By New Zimbabwe
The United Nations has informed the governments of Zimbabwe and Zambia that Victoria Falls could lose its unique heritage status if a golf course is built at the site.
According to The Times, the two countries’ governments have put together plans for lodges, a golf course and a hydroelectric dam, which have concerned Unesco officials, as the golf course could disrupt an established elephant corridor.
Victoria Falls is the world’s largest sheet of falling water, featuring unique rock structures, and earned its world heritage site status in 1989.
The Times states a Unesco report, written after officials visited the site for five days, cites the “inconsistency in the use of precise boundaries and buffer zones” on plans published by the authorities in Lusaka and Harare.

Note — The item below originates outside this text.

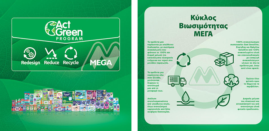 Σήμερα, η 100% ελληνική εταιρεία εντείνει περαιτέρω τις διαχρονικές προσπάθειές της για την προστασία του πλανήτη συνεχίζοντας την αδιαπραγμάτευτη πορεία της προς τη βιωσιμότητα. Επιστρατεύει τόσο τη διεθνή, όσο την Ελληνική καινοτομία, που αναπτύσσεται στα εργαστήριά της και θέτει την τεχνογνωσία, τους πόρους και τις συνεργασίες της στην υπηρεσία του πλανήτη, μειώνοντας σημαντικά το περιβαλλοντικό της αποτύπωμα. Η προσπάθεια αυτή αποτυπώνεται στο πρόγραμμα βιωσιμότητας της ΜΕΓΑ ACT GREEN: Redesign – Reduce – Recycle.

A lack of full transparency about ambitious projects on either side of the Zambezi river which feeds the falls is fuelling local rumours of corruption, the paper adds.
The Unesco team has also called for a halt to the building of a 300-bed hotel complex on the Zambian side.
Although both countries are under huge pressure to improve their citizens’ access to power, heritage officials said the proposal for a new hydroelectric dam “should not proceed as currently proposed”.
If development pressed ahead, the area’s special status “could be considered to be in danger in the near future”, the delegation said.
The proposals are part of Zimbabwe government’s ambitions to improve domestic energy production and build a tourism sector worth $5 billion by 2025.